Автор книг: «Ноябрьская революция 1918 г. в Германии» (М., 1967); «Становление Веймарской республики в Германии» (М., 1978) — обе переведены на немецкий язык и изданы в Германии; «Проблемы и легенды в историографии германской революции» (М.,1990); «Четверо стойких (Карл Либкнехт, Роза Люксембург, Франц Меринг, Клара Цеткин). Документальная повесть» (М., 1985); Редактор, составитель и автор предисловия сб. «Роза Люксембург о социализме и русской революции» (М.,1991).
Гефтер — почти ровесник Октября: если считать по «столичному» календарю, он «опоздал» родиться менее чем на год. Но как провинциал — он родился в Симферополе, 24 августа 1918 г. — «в самый раз», чтобы проблема революции как великого разлома или перелома в российской и мировой истории стала неотъемлемой частью его жизни. Разумеется, он далеко не сразу определился как историк России, всегда рассматривавшейся им в нерасторжимой связи с остальным миром. Однако историю как профессию он выбрал для себя еще в школе — и на всю жизнь.

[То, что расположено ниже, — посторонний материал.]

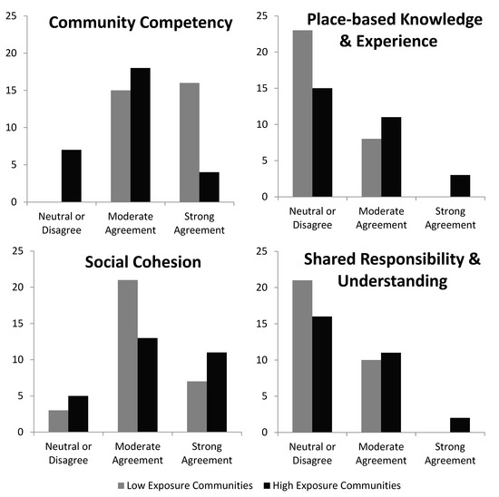Comparing community capacity indices among high and low-exposure communities exhibited significant differences in three indices (α < 0.10). Community competency exhibited substantially different patterns in score distribution between high and low-exposure communities (t-statistic = 3.96, p-value < 0.001). Informants in high-exposure communities were more likely to be neutral or disagree with community competence statements, whereas key informants from low-exposure communities were more likely to strongly agree with those same statements (Figure 6). Key informants from high and low-exposure communities also exhibited significant differences in their ratings of place-based knowledge and experience statements (t-statistic = −2.10, p-value = 0.04) and shared responsibility and understanding statements (t-statistic = −1.88, p-value = 0.07). However, although the magnitude varied between respondents from high and low exposure communities, the pattern was similar with plurality scoring in the neutral to disagree range. The social cohesion index exhibited no significant differences between key informants from low and high-exposure communities (t-statistic = −1.13, p-value = 0.27).
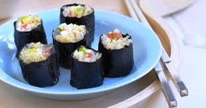 Les divers ingrédients utilisés pour réussir la recette sont : pomme granny, pamplemousse, filet de daurade, huile d’olive, citron vert, quinoa, vinaigre de riz, feuilles d’algues nori…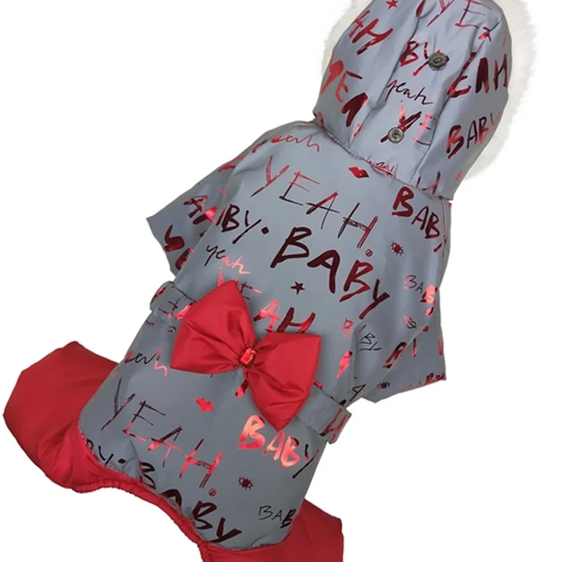 тканина світловідбиваюча плащівка модель ДЛЯ ДІВЧАТ, живіт ЗАКРИТИЙ комбінезон світиться при направленні на нього будь-якого світла перші 2 фото без направлення світла на комбінезон, 3 і 4 фото при направленні світла на комбінезон кращий вибір для безпечних прогулянок ввечері, собаку видно на дорозі наповнювач синтепон (200 г / м²) підклад з водовідталкувальної плащової тканини на шиї отвір для повідця капюшон з кнопкою фіксатором комірець стійка застібається кнопками на животі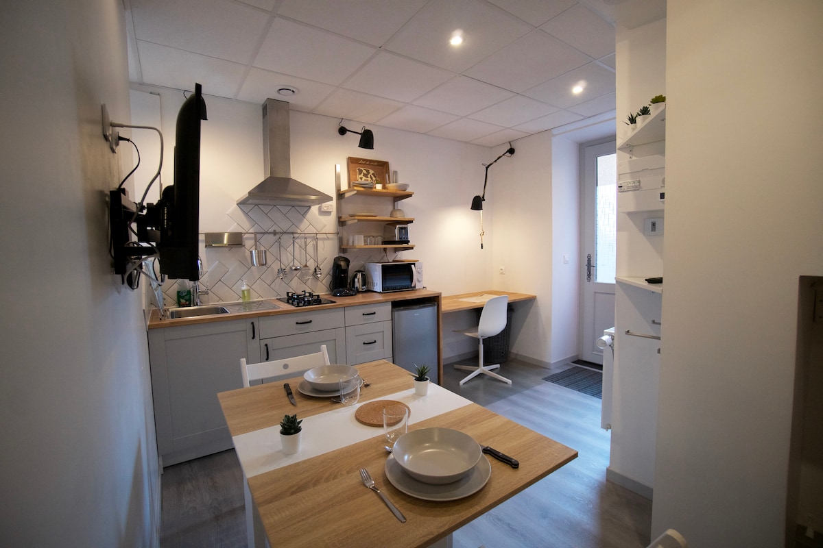 MIREPOISES – ESCAPADA INUSITADA Acogedor estudio de 19 m², totalmente equipado, situado en la planta baja en una calle tranquila del centro de Figeac. A 4 minutos a pie del museo y de la plaza Champollion. Estacionamiento gratuito y paradas de autobús (gratis) a 2 minutos. Decoración: - Habitación principal con armario-cama, escritorio, zona de TV y cocina equipada. - Cuarto de baño con inodoro. - Wi-Fi gratuito. - Lavandería disponible en las áreas comunes

Студент предвоенного истфака МГУ (1936–1941 гг.), он именно здесь проходил «великое чистилище». Когда он сдавал вступительные экзамены, на двери кабинета декана еще висела табличка «Ц. Фридлянд», когда он их успешно выдержал, таблички уже не было. Вскоре ему стало известно, что имярек был арестован как «враг народа». Житель Центрального студгородка — памятного общежития на Стромынке, 32, активный комсомолец, — Гефтер вскоре выделился и в учебе, и в бурных дискуссиях на собраниях, где нередко решались судьбы не только студентов, но и профессоров. Здесь проявились его качества оратора и «вожака»: строгая логика рассуждений, талант рассказчика, которому не вредила легкая картавость, скупой выразительный жест, подчеркивавший неотразимую убедительность его аргументов. Природой ему было дано сильное оружие, способное в то драматическое время не только увлекать, но и разить. К счастью, оно досталось человеку, который вовсе не стремился к большой власти или к власти для себя. А ведь был среди его ровесников (правда, в другом вузе) некий будущий не только историк — «железный Шурик» Шелепин, который, как утверждает молва, уже тогда рассказывал друзьям о своем намерении стать Генеральным секретарем… (Он достиг «лишь» постов члена ПБ и шефа КГБ.)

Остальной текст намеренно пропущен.